When will nanopore sequencing push short-reads (i.e. Illumina) off their pedestal? According to Clive PromethION is the Illumina killer…but this same conversation was going on many times at London Calling. I wanted to highlight two areas that might be about to flip to ONTs advantage (one of which I’m really excited about).
With costs dropping precipitously on MinION (if you can get 10GB+) and PromethION on the way for the end of this year as a real production machine it looks like the sensible choice for a high-quality genome would be Nanopore + Illumina, but given a little more improvement genomes might be best done “nanopore only” very soon?

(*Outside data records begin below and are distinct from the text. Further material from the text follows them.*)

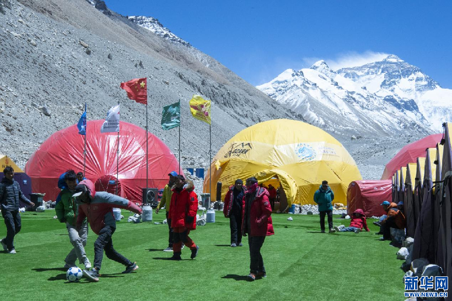 5月9日,登山隊(duì)員在珠峰大本營(yíng)踢球。新華網(wǎng) 旦增努布 攝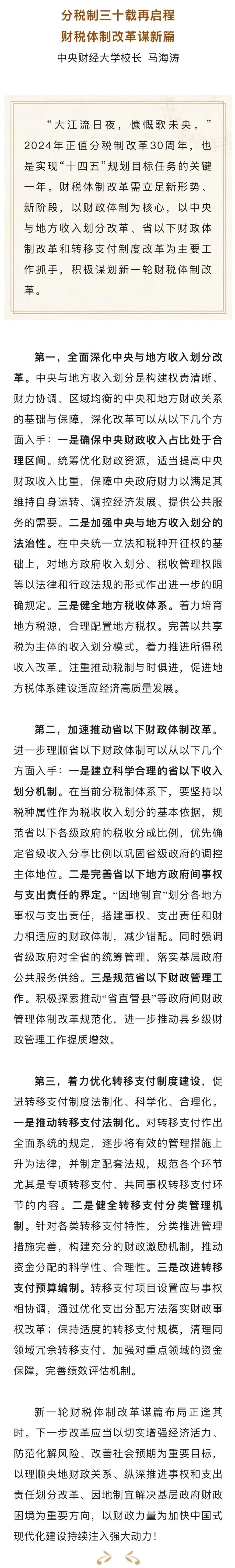 马海涛:分税制三十载再启程 财税体制改革谋新篇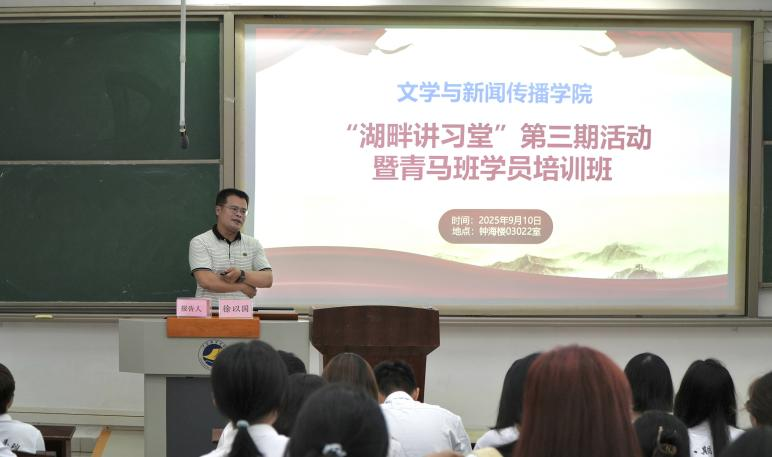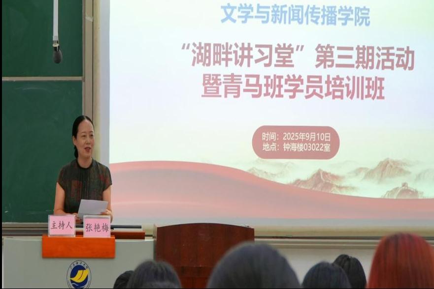 9月10日下午,文学与新闻传播学院在钟海楼03022教室开展“湖畔讲习堂”第三期活动暨青马班学员培训班理论课,会议由学院党委书记张艳梅主持,第八届青马班全体学员、各党支部学生党员及入党积极分子代表共计160人参加会议。

My lab does not sequence many genomes but when the next 1000 genome project comes along I guess I should pick up the phone and talk to Clive as well as Franics?
Lets be absolutely clear, until ONT’s Direct RNA-Seq was launched (see most recent BioRxiv submission from Andrew Smith et al) pretty much nobody was actually sequencing RNA! However there were talks about 10 million+ 1D cDNA reads from the new protocols being developed by Dan Turners applications group at ONT.
— Génomique ENS (@Genomique_ENS) May 4, 2017
My lab does a LOT of RNA-Seq, primarily for DGE and mainly using single-end 50bp reads (feel free to comment Mick). We aim for 10-20 million per sample.
Assuming a 1000bp ONT cDNA read equates to 20 Illumina SE50 reads (something we should debate) then those 10 million ONT cDNA reads might allow me to sequence 20 samples (at 1000bp average read length) or 40 (at 2000bp) on a single MinION flowcell. I’ve not really pushed higher than 2000bp as the number of Human transcripts longer than this is probably less than 50%.
I’ve also held off debating 1) the additional benefits of counting isoforms directly, and 2) of the impact direct RNA-Seq will have on biological analysis.
Food for thought…see you in Gordon’s “good morning” rock family trees intro.
Let me know what you think will be the first application “lost” by short-read technologies?